The excitement of getting your first pay check could be beyond measure. Plans like throwing a party to your friends, paying off debts, buying gifts for your parents, indulging in charitable acts etc. would have already occupied your mind. These are some of the common things that everyone does on getting the first salary. However, it is also the high time you understand few financial concepts to make the money work for you ultimately.
As you step into the world of your own finance, a little bit of financial literacy and financial planning is imperative to manage your credit. Start early, it is possible that most of you are in your 20s and you will reap the benefits much earlier.
Tip #1: Understand Savings
It is still early days and you have, your whole career ahead of you, resist going on spending spree to buy the things they yearned to have or to travel to the places they wished or to indulge in fun-filled activities. Though these are not bad things to do, overspending could leave you broke at the end of the month.

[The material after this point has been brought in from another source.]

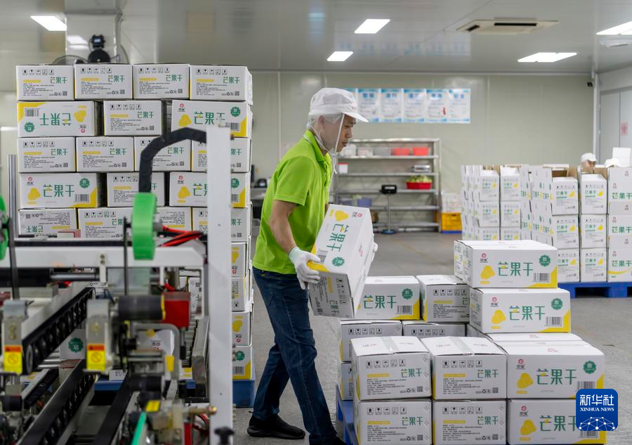 福建省漳州市平和県にある中宝(福建)食品科技の食品加工生産ラインで、ドライマンゴーを詰めた箱を運ぶ従業員。(3月26日撮影、漳州=新華社記者/魏培全)

Allot a certain portion of your income exclusively for saving. Strategize your savings for 1, 2, 5, 10 and 15 years and attach a goal along with it. As you make progress in your career, you will find it easier and beneficial for your timely need.
Tip #2: Understand Credit
Credit is very simple, borrow from lenders for your needs beyond your means and repay with an interest. The factor based on which a bank lends to you is known as the credit score and it represents your worthiness.
Get a look at your credit score, if you haven’t already; a good score (above 750) leads to better loan offers. If you do not have a credit score now, work towards obtaining one as it will serve you well in the future.
Tip #3: Understand Investments
Many people wish to buy a car or two-wheeler once they secure a job. Though it is a necessity, investing in a depreciating asset or liability would bring additional expenses to you. There are lot of investment options that keep growing and all you may have to do is invest a minor part of your income into it. Make a thorough research and invest smartly to enjoy the benefits abundantly.
Mutual funds, stocks, bonds, real estate, gold etc. are some of the investments that may grow in value in the future.
Tip #4: Understand Taxation
Paying tax to the Government is a legal duty of every citizen. Once you become a salaried employee, you are bound pay income tax. It is also high time you understand how the tax slabs are placed and you come in which category. One can claim tax deductions under various sections for specific credit activities prescribed by the Income Tax Act. Insurance policies, PPF account, tax saving mutual funds and fixed deposits, interest on education loan, home loan, charitable donations etc. are eligible for tax deduction. By wisely choosing any of the above tools, you can not only benefit from their returns but also gain tax benefits.
Planning your finances, can help you manage a lot of problems and offer you a peace of mind in life. Commence your financial planning early and start reaping its benefits while you still have time to enjoy it.